- Opening Delimiter -
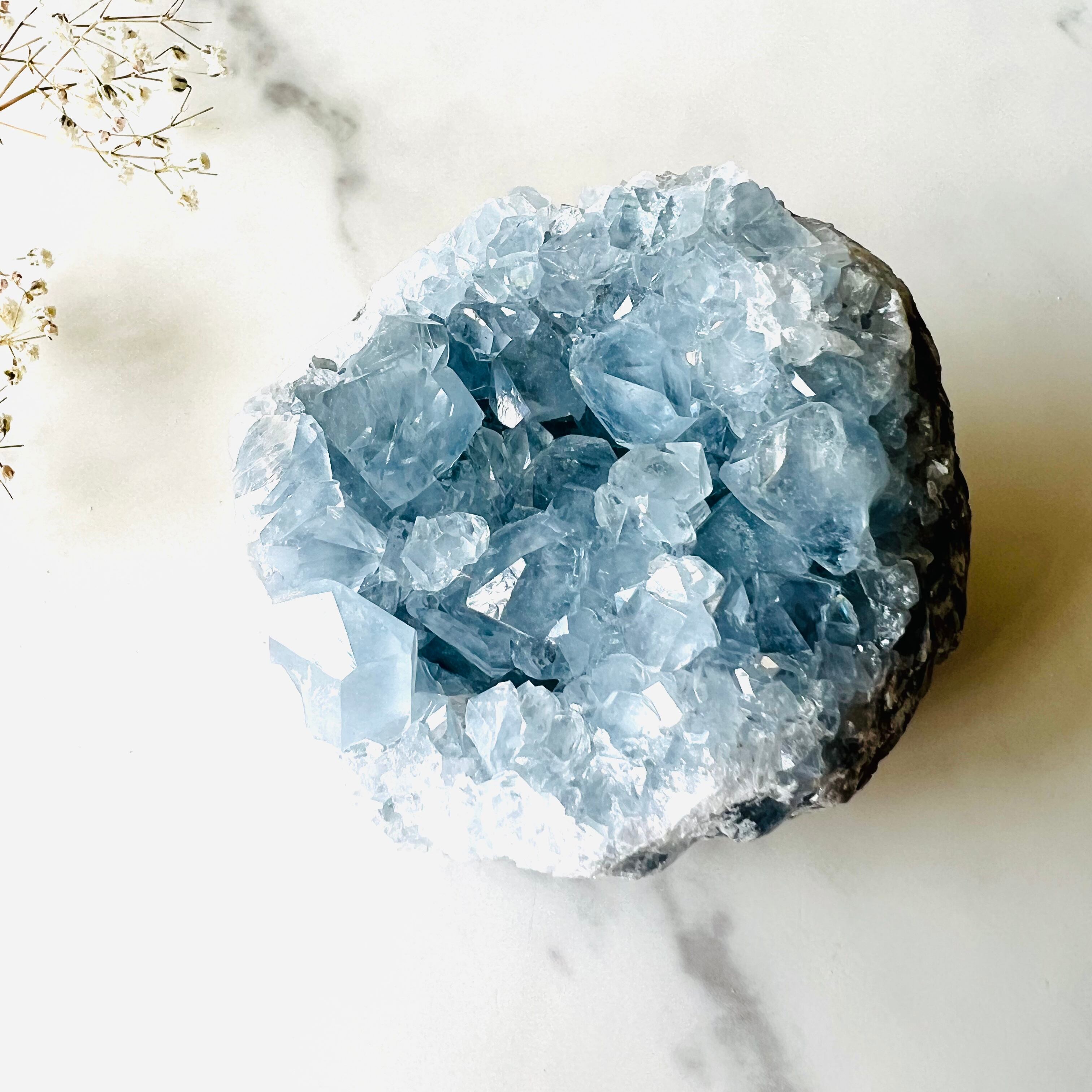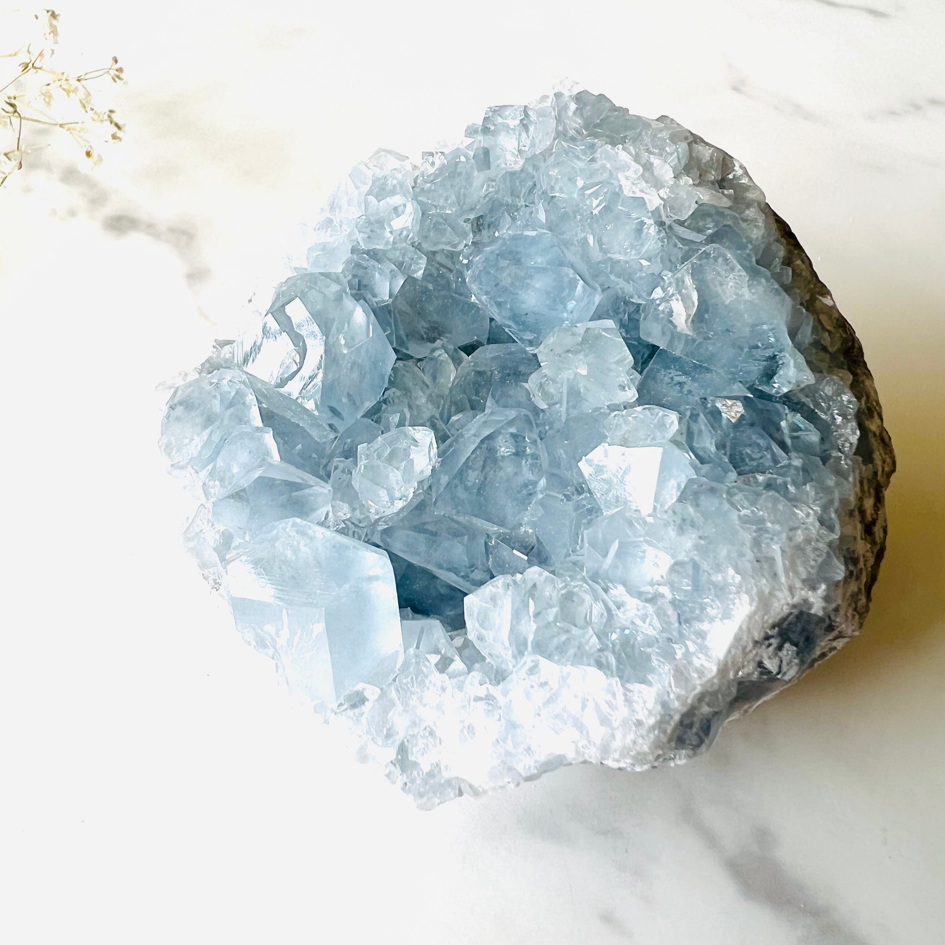 冷たく美しい氷の結晶をギュッと詰め込んだようなアイスブルーのセレスタイト。
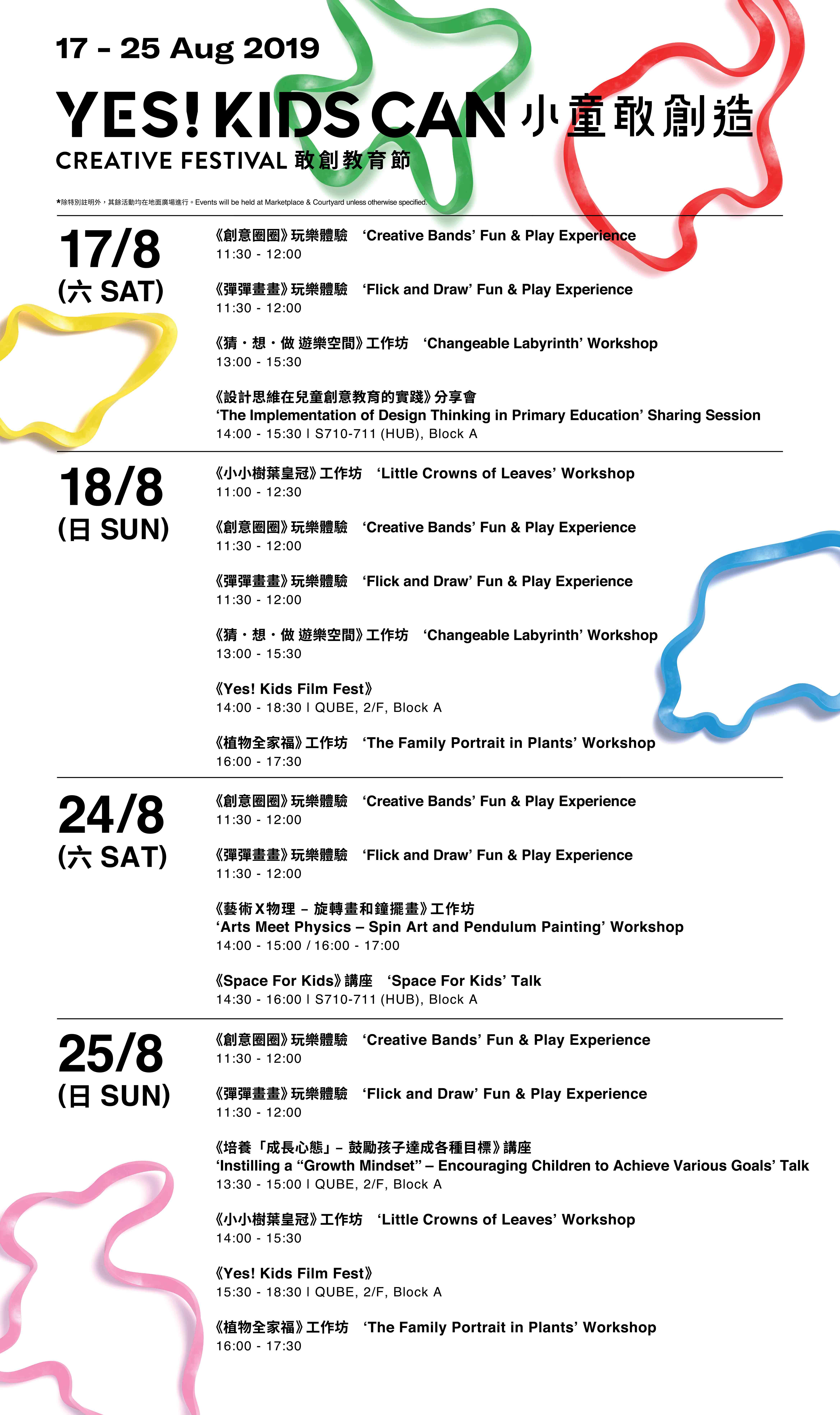 “YES! KIDS CAN Creative Festival” will be held from August 17 to 25. Teachers, educators, parents and children of age 3 to 12 are welcome to take part! Visit our exhibition to see students’ works and their creative process, and join our education related sharing sessions, movie screenings and creative workshops.
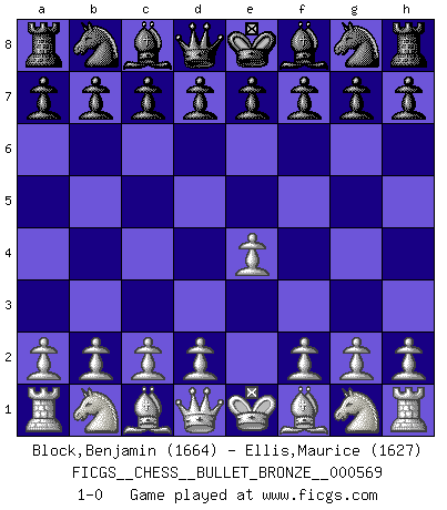 Last move : 1-0 2011 August 27 22:1:45 [Event "FICGS__CHESS__BULLET_BRONZE__000569"] [Site "FICGS"] [Date "2011.08.27"] [Round "1"] [White "Block,Benjamin"] [Black "Ellis,Maurice"] [Result "1-0"] [WhiteElo "1664"] [BlackElo "1627"] 1.e4 1-0 This chess game has been lost on time (started : 2011.08.27 17:34:3) King's pawn Opening Player White won this chess game. Follow this game move after move (download)There's never before been a Chess player with such a thorough knowledge of the intricacies of the game and such an absolutely indomitable will to win. I think Bobby is the greatest player that ever lived. (Lisa Lane) Ich habe Kasparov in Rente geschickt. (Veselin Topalov) Botvinnik trató de alejar el misterio referente al Ajedrez, siempre relacionandolo a situaciones de la vida diaria. Solía llamar al Ajedrez un problema inexacto típico, similar a aquellos en que la gente tiene siempre que resolver a cada día. (Garry Kasparov) Mais l'homme est une créature légère et illogique : semblable au joueur d'échecs, il n'aime que le processus du but à atteindre, non le but lui-même. (Dostoïevsky) I'll be back. (Arnold Schwarzenegger)
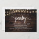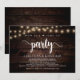 Ahora es hora de fiesta, Anuncio de fuga de boda / Tarjeta de invitación, en diseño de madera de granja rústica y luces de cuerda. Esto es perfecto para la recepción de su boda y la fiesta de celebración después de la boda. Agregue sus detalles en letra / letra coincidente.
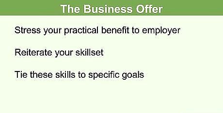 Reiterate how you will contribute to the company. Remind the employer how your skillset will transfer to the company and be put to use. What will you bring to the company? Focus on how the company will improve by hiring you, rather than how you will benefit. For example, you might write: “My professional skills in marketing, coupled with my passion for your products, will enable me to help grow the business segment.”
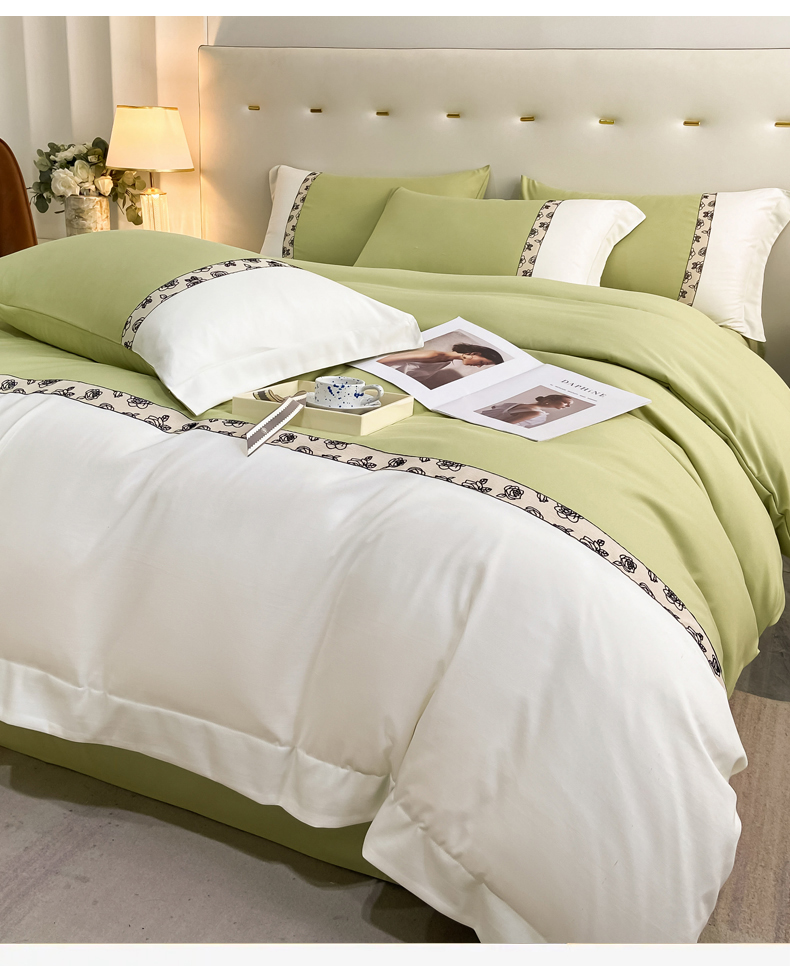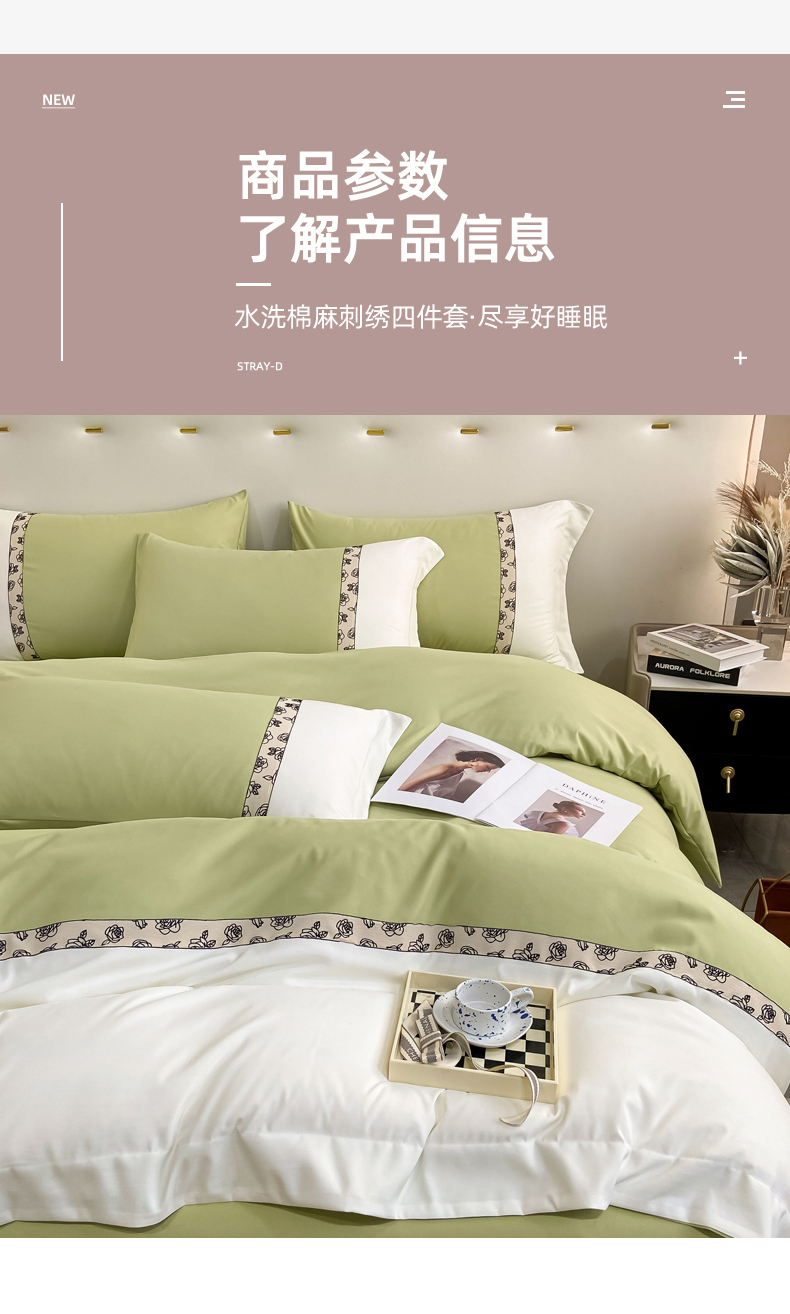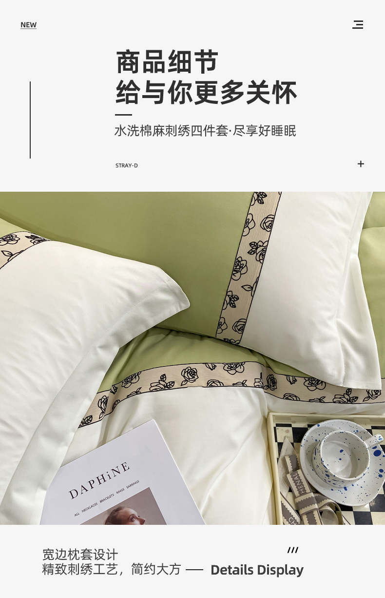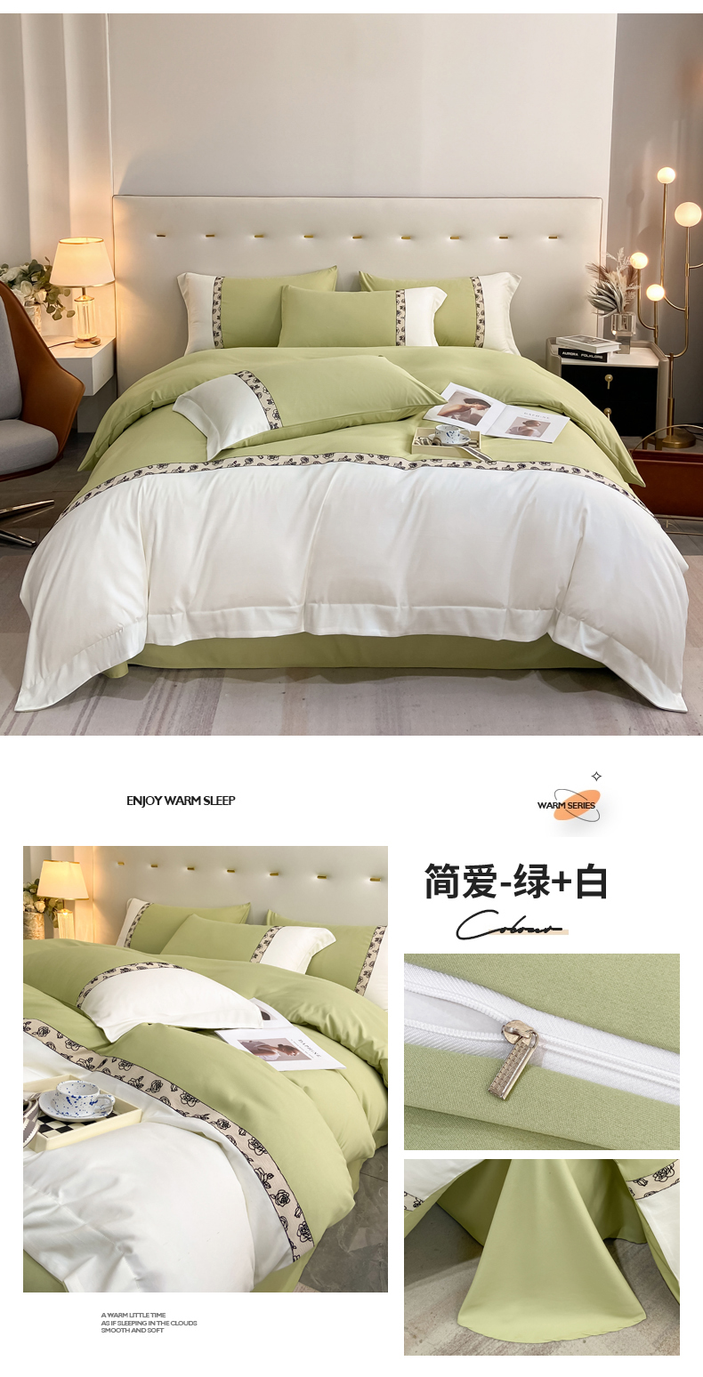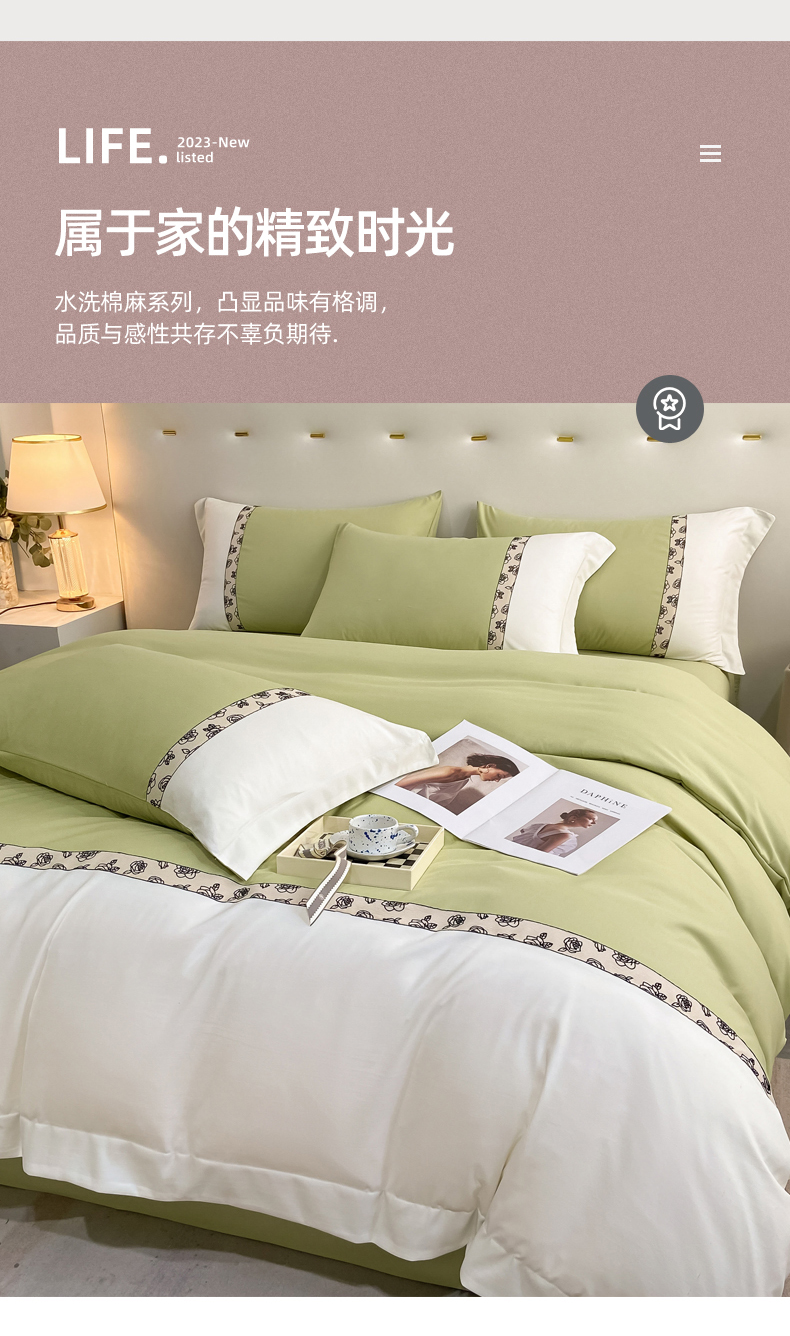 绒世界2024新款水洗棉麻印花四件套-简爱系列 简爱-绿+白
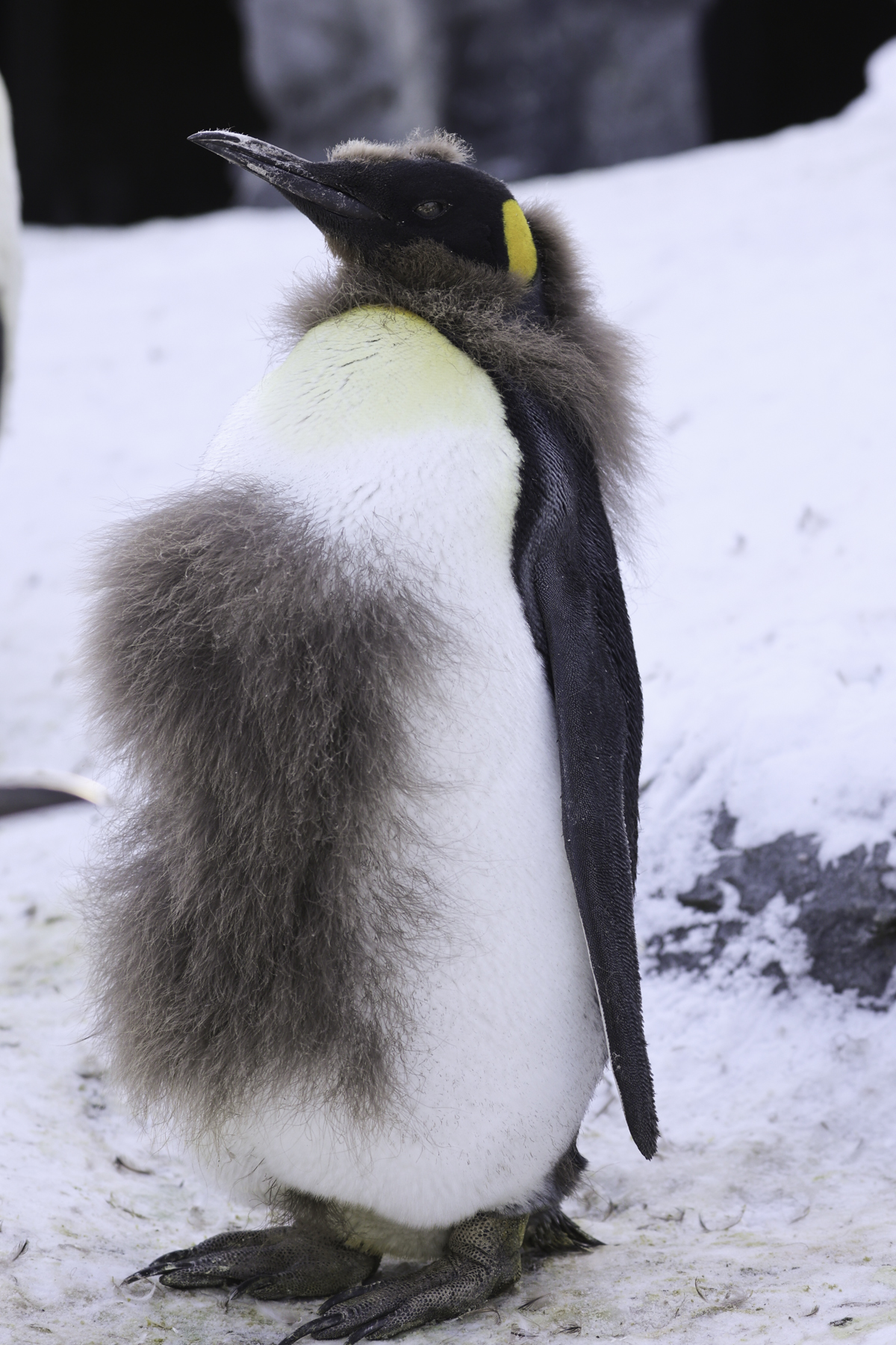 6月に孵化したキングペンギンのヒナ🐧✨換毛が進み、羽毛がマフラーや胸毛のように残っています👀笑[by KWI][Photo by sakurai]#LiveZooInAsahiyama #旭山動物園 #キングペンギン https://t.co/eDBNEvDx6E
- Closing Delimiter -
#### Exercise objective
Nothing but the lines from the one that contains "Reiterate how you" through the last line of the material should be written out, exactly. Omit pictures.

#### Result
 Reiterate how you will contribute to the company. Remind the employer how your skillset will transfer to the company and be put to use. What will you bring to the company? Focus on how the company will improve by hiring you, rather than how you will benefit. For example, you might write: “My professional skills in marketing, coupled with my passion for your products, will enable me to help grow the business segment.”
 绒世界2024新款水洗棉麻印花四件套-简爱系列 简爱-绿+白
 6月に孵化したキングペンギンのヒナ🐧✨換毛が進み、羽毛がマフラーや胸毛のように残っています👀笑[by KWI][Photo by sakurai]#LiveZooInAsahiyama #旭山動物園 #キングペンギン https://t.co/eDBNEvDx6E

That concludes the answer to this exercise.